I’m also skeptical that pureOS, or any gnu/linux solution, can provide the level of centralized management that AD+Group Policy can provide. Veyon looks to be a potential MDM option, but it reads like it’s limited to the local network? I’ll have to read up on it and maybe lab it out, but it doesn’t look as mature as something like intune or airwatch.

I understand wanting to be in control of your system, but in the context of things like a computer lab, school issued systems, and enterprise environments, that centralized management and consistent experience with things like roaming profiles is a legitimate piece of the puzzle to contend with that I think this article mostly ignores.

I also think that talking about the privacy aspect of protecting data while ignoring that the solutions whicb are being talked about in a negative light for syncing data provide off-site replicated copies of the data (protect data integrity) that is often itself backed up and not pointing to an alternative is a missed opportunity as Nextcloud replaces the proprietary solutions and allows for that to be internalized and provide an equivalent user experience (protecting that data integrity) in a more privacy respecting way.

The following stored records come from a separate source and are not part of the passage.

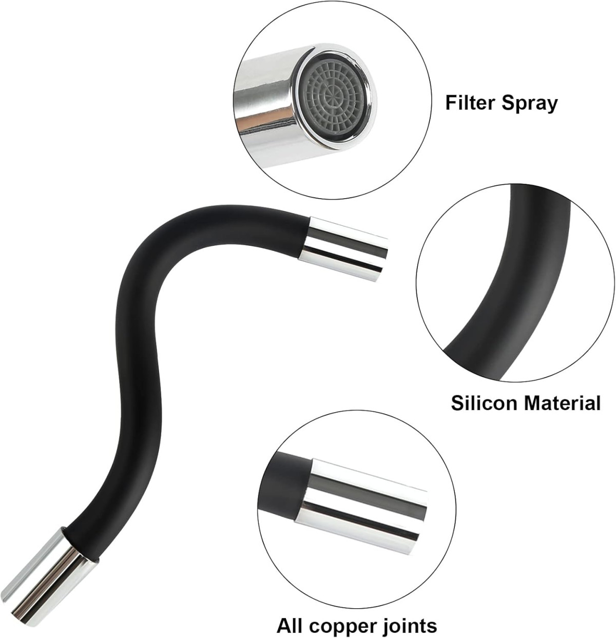 - ???? Pivotare la 360 de grade: Extensia robinetului poate fi rotită în orice unghi și direcție, astfel încât să poată fi ajustată perfect la nevoile dumneavoastră actuale.
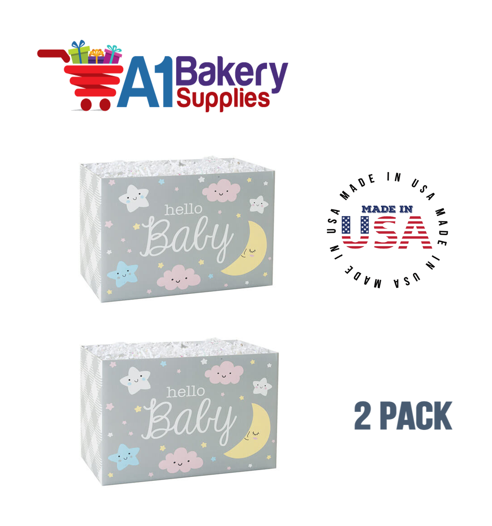 - Each Box comes with totally 2 Pack Small Boxes . Each Hello Baby Basket Box Measures 6.75 (Length) x 4 (Width) x 5 (Height)
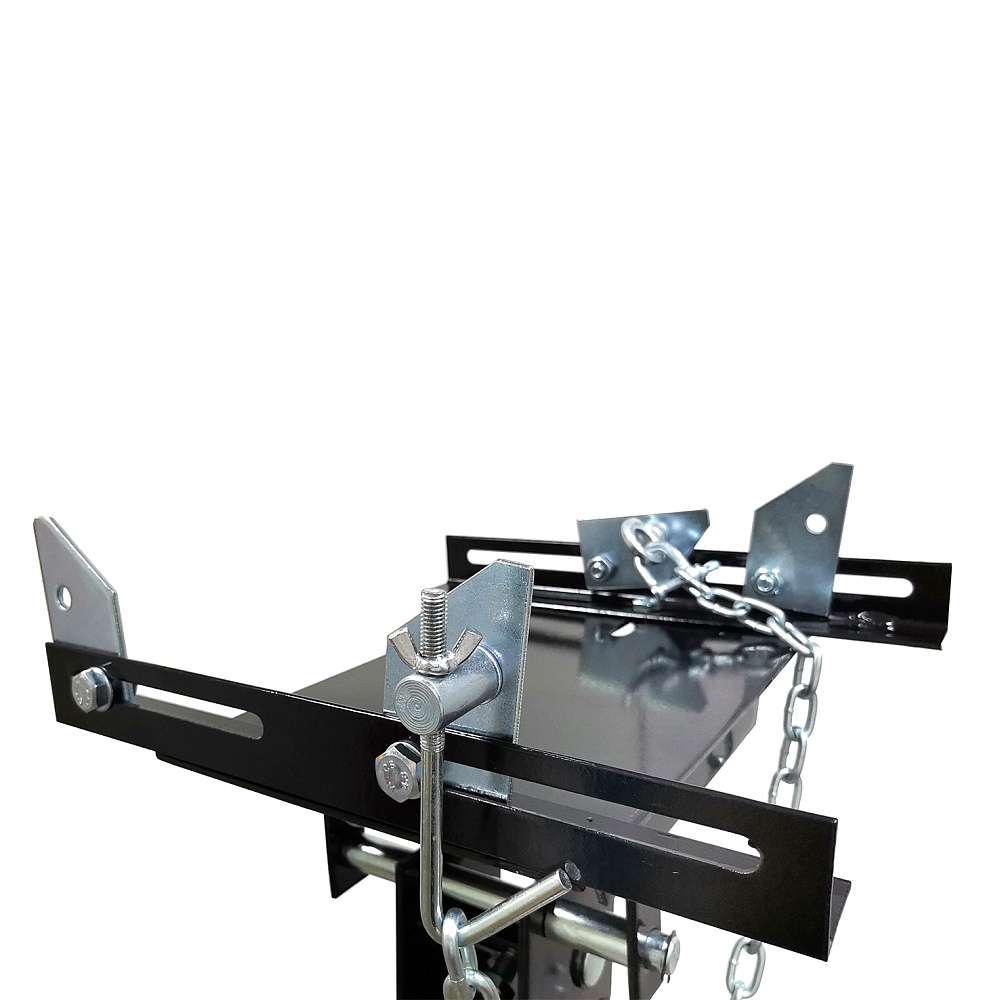 Эта модель рассчитана на безопасный подъем, удержание и транспортировку по производственным помещениями узлов и агрегатов всевозможных автомобилей. При условиях соблюдения ограничений по нагрузке установить на нее можно практически любую коробку передач и т.д., поскольку система настраиваемых угловых кронштейнов с цепями позволяет подстроить изделие под разные размеры груза, крепко зафиксировать его и перемещать. Толстая сталь и ее качественная покраска увеличивают долговечность T60103, а сварные опоры выдержат непрерывное пользование в условиях российских автотранспортных организаций.
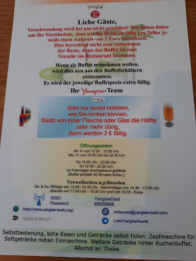 Read moreHeute 24.01.24 Besuch im Yangste-Restaurant in Hürth, nun der Parkplatz war etwas problematisch, weil das kleine Einkaufszentrum recht gut besucht war. Ein wenig Glück war von Nöten um doch noch in unmittelbarer Nähe fündig zu werden. (Gehbehinderung) Gegenüber anderer Besuche in dieser Lokalität nahm man keine Notitz von uns. Schade, früher wurden wir schon mal begrüßt, aber wir sind älter geworden. Hätte ja sein können, wir haben uns verlaufen. Wir haben für uns selbst Platz gefunden, war noch genügend frei. Wir Zwei, haben erstmal ein Buffetessen bestellt,was große Verwirrung hervor gerufen hat. War für die Gastgeber nicht zu verstehen, dass ältere Menschen nicht immer das Üppige Angebot möchten.Trotz der kleiner Verwunderung habe ich dann doch noch zugestimmt, am Buffetessen teilzunehmen. Schaffte damit sogar ein Lächeln in das Gesicht der liebenswürdigen Dame zu zaubern.War zu deuten wie,na geht doch. Weil mein Wunsch kleiner war,als das wirklich Große liebevoll,sehr opulent angrichtete Buffet, habe ich nach einer für mich kleinen speziellen Speise gefragt und wo sie platziert sei. Mit dieser Frage habe ich eine Revolution ausgelöst. Die Bedienung wusste es nicht und holte einen Kollegen,der es aber auch nicht finden konnte, (bei so viel Angebot nicht einfach) musste die Buffetaufsicht kommen, glücklicherweise fand ich genau jetzt, mein gesuchtes Gericht. Der Aufruhr konnte gerade noch aufgelöst werden, glück gehabt.
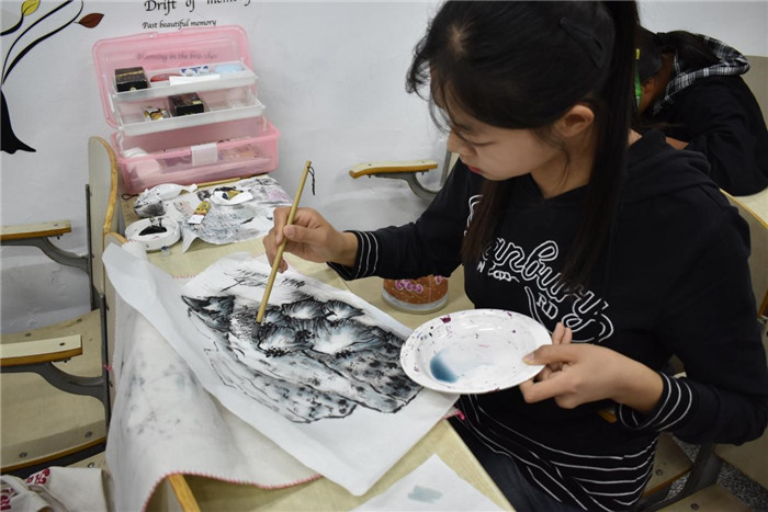 “我这副作品叫《临江仙》,画的是山石,灵感来自于曾经看过的一幅画以及辛弃疾的一首词《临江仙》,我想要营造出金沙拍浪的壮阔意境。”学前教育专业2020(2)班的郭玉洁说,她曾经学过两年国画,一直非常喜欢有汉元素的事物。
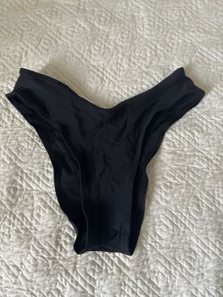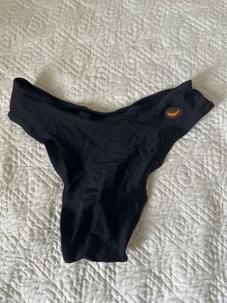 Brasiliana in tessuto nero con un simpatico dettaglio a forma di papaya arancione. - Design a vita alta. - Dettaglio papaya sul lato.
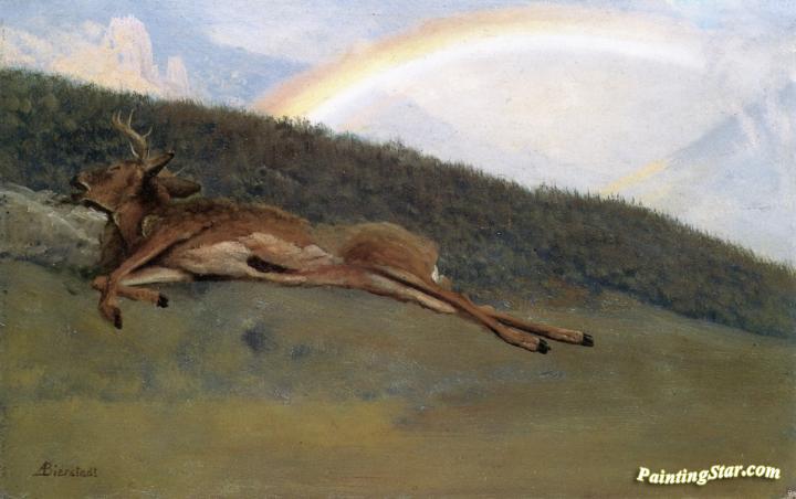 Rainbow over a Fallen Stag, Art Painting by Albert Bierstadt
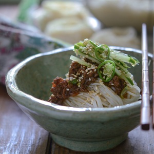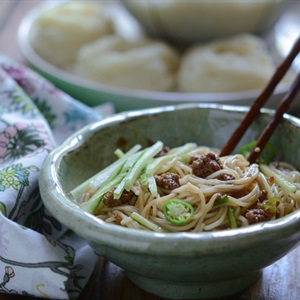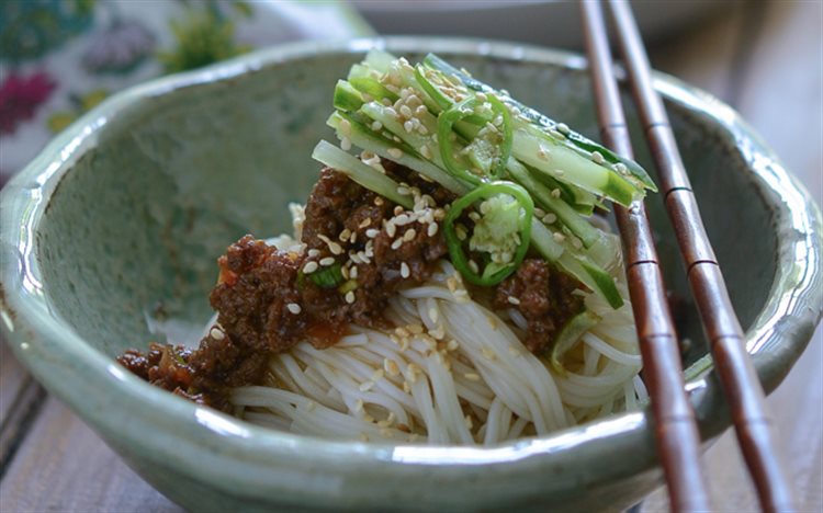 Gắp bún vào bát, rưới nước sốt bò băm lên trên. Thêm dưa chuột cắt sợi nhỏ, vài lát ớt xanh và mè rang là bạn đã hoàn thành món ăn rồi đó!
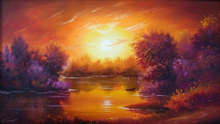 Пейзаж маслом закат
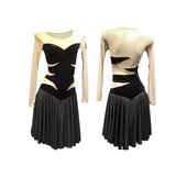 Take the stage in style in this chic Latin dress. This knee-length dress features a boat neck, long sleeve. Made from velvet.
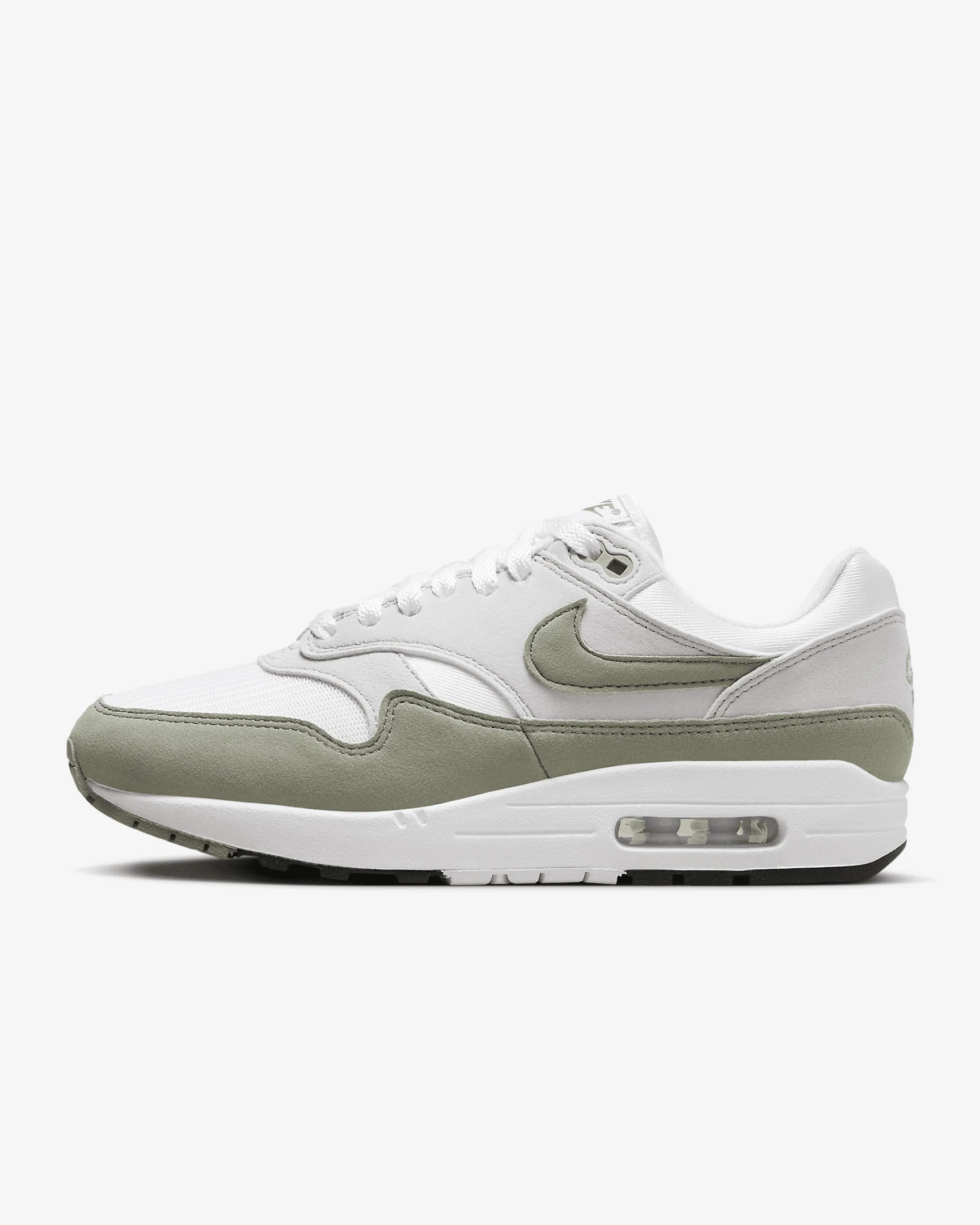 Meet the leader of the pack. Walking on clouds above the noise, the Air Max 1 blends timeless design with cushioned comfort. Sporting a fast-paced look, wavy mudguard and Nike Air, this classic icon hit the scene in ‘87 and continues to be the soul of the franchise today. Benefits - Mixed materials add durability that's made for everyday wear and city life. - Originally designed for performance running, the visible Max Air unit provides all-day cushioning. - Padded, low-cut collar looks sleek and feels comfortable. - Wavy mudguard and pill-shaped Nike Air window keep the classic look you love. - Rubber outsole gives you durable traction. Product Details - Shown: White/Neutral Grey/Black/Light Army - Style: DZ2628-112
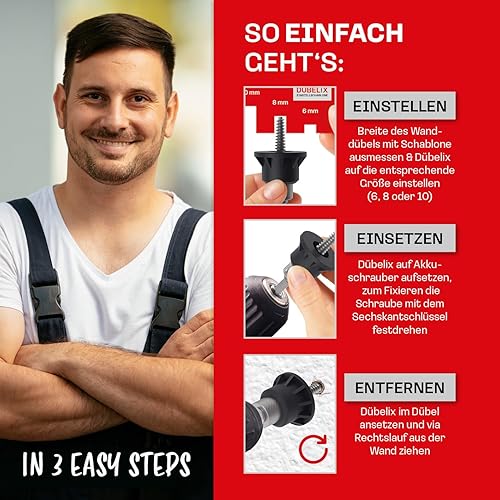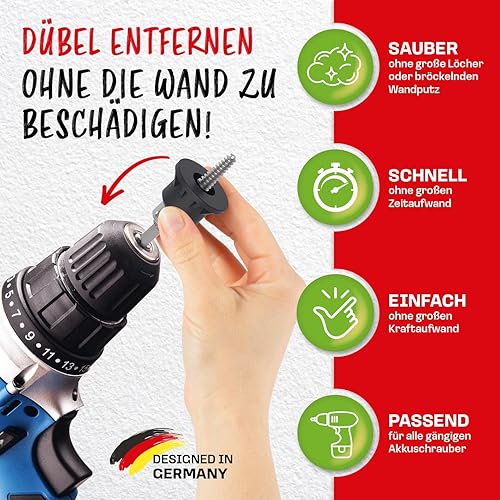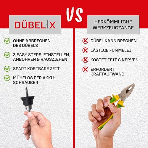 Dübelix Dübelentferner-Aufsatz | Entfernt Dübel rückstandslos - ganz ohne Wandschäden ! | Passend für jeden gängigen Akkuschrauber | Einfach und ohne handwerkliche Vorkenntnisse anwendbar
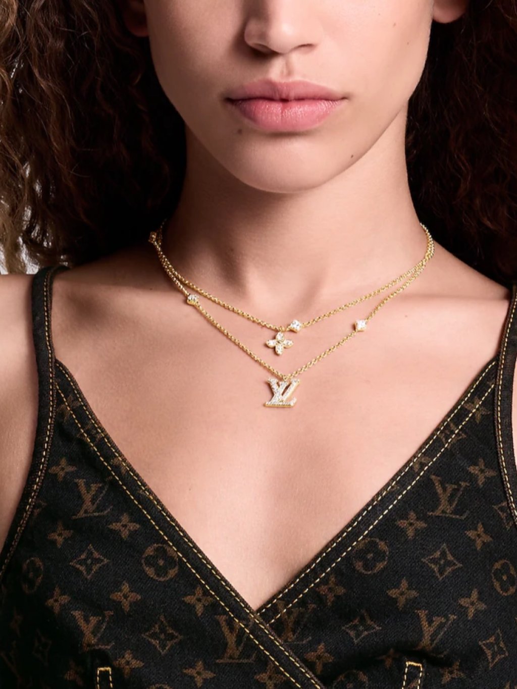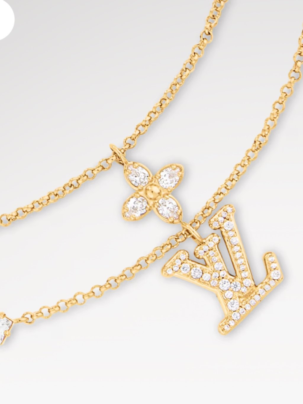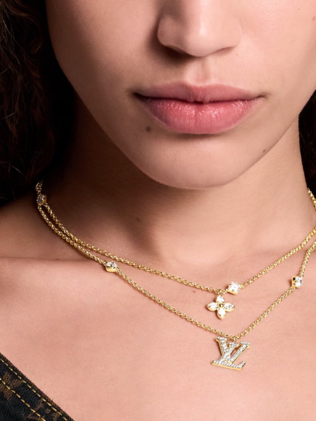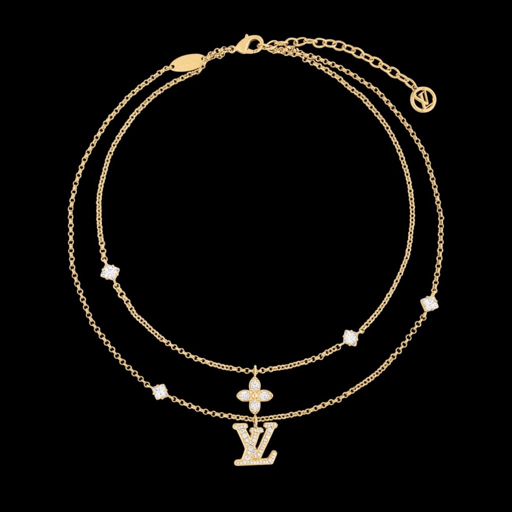The Lady LV Necklace features a double-strand design crafted in gold-tone metal enhanced with sparkling crystals. Two fine-linked chains are adorned with a Monogram Flower and an LV signature charm, symbolising purity and feminine discretion. Four additional crystals bring an extra glint of glamour to this sumptuous, sophisticated necklace.
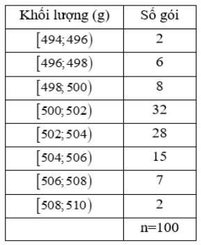 a) Khối lượng trung bình các gói đường của máy sản xuất có số liệu ghép nhóm trên là 502,22 gam.
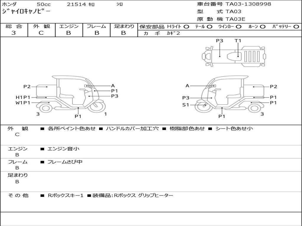 | Номер рамы / VIN | TA03-1308998 |
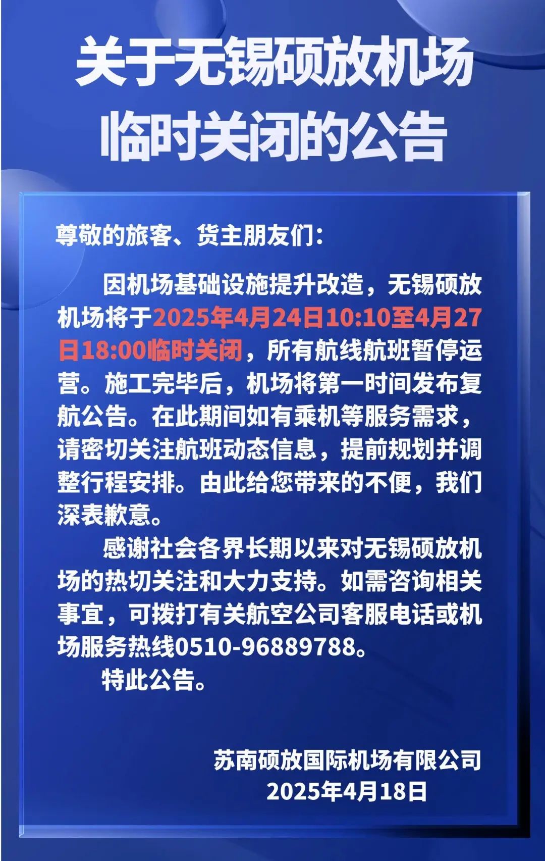 4月18日,无锡硕放机场发布公告称,因机场基础设施提升改造,无锡硕放机场将于2025年4月24日10:10至4月27日18:00临时关闭,所有航线航班暂停运营。施工完毕后,机场将第一时间发布复航公告。在此期间如有乘机等服务需求,请密切关注航班动态信息,提前规划并调整行程安排。
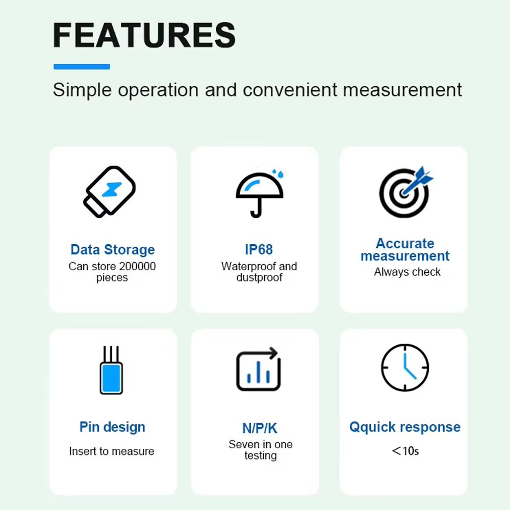 The Soil Parameter Detector is a professional, efficient tool designed for accurate soil analysis, widely used in laboratories, agricultural research, horticulture, and environmental monitoring. It provides quick, reliable measurements of key soil parameters, including moisture content, pH level, electrical conductivity (EC), and essential nutrient concentrations (NPK), supporting scientific decision-making in various fields.
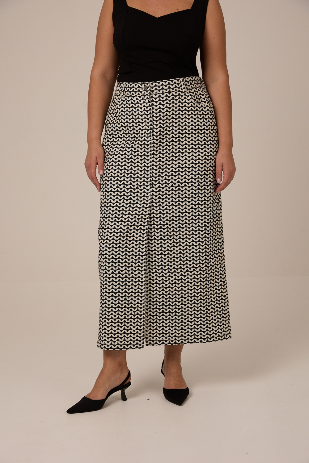 Женская молочная с синим принтом джинсовая макси юбка-карандаш большого размера от бренда Modress (Модресс). Пояс частично на резинке, есть шлевки. Сильный образ можно собрать с топом ANGELICA

I would personally like to see a linked technical article free of the marketing bend. I understand and appreciate that marketing has its place, I just think that there’s a decent sized technical crowd that would prefer a more complete view of what the caveats are before going down this path, running into unexpected but avoidable issues, and being forced by the financial side of the house to use the proprietary solution(s) to just get it done and then that being the bad taste left in the mouth for years to come.

That was the main thing I thought. For example, I don’t think nouveau is good enough for any graphics design class (I could be wrong on that, though).

I think it’s more a totally technical crowd since the party concerned would be the school’s IT department.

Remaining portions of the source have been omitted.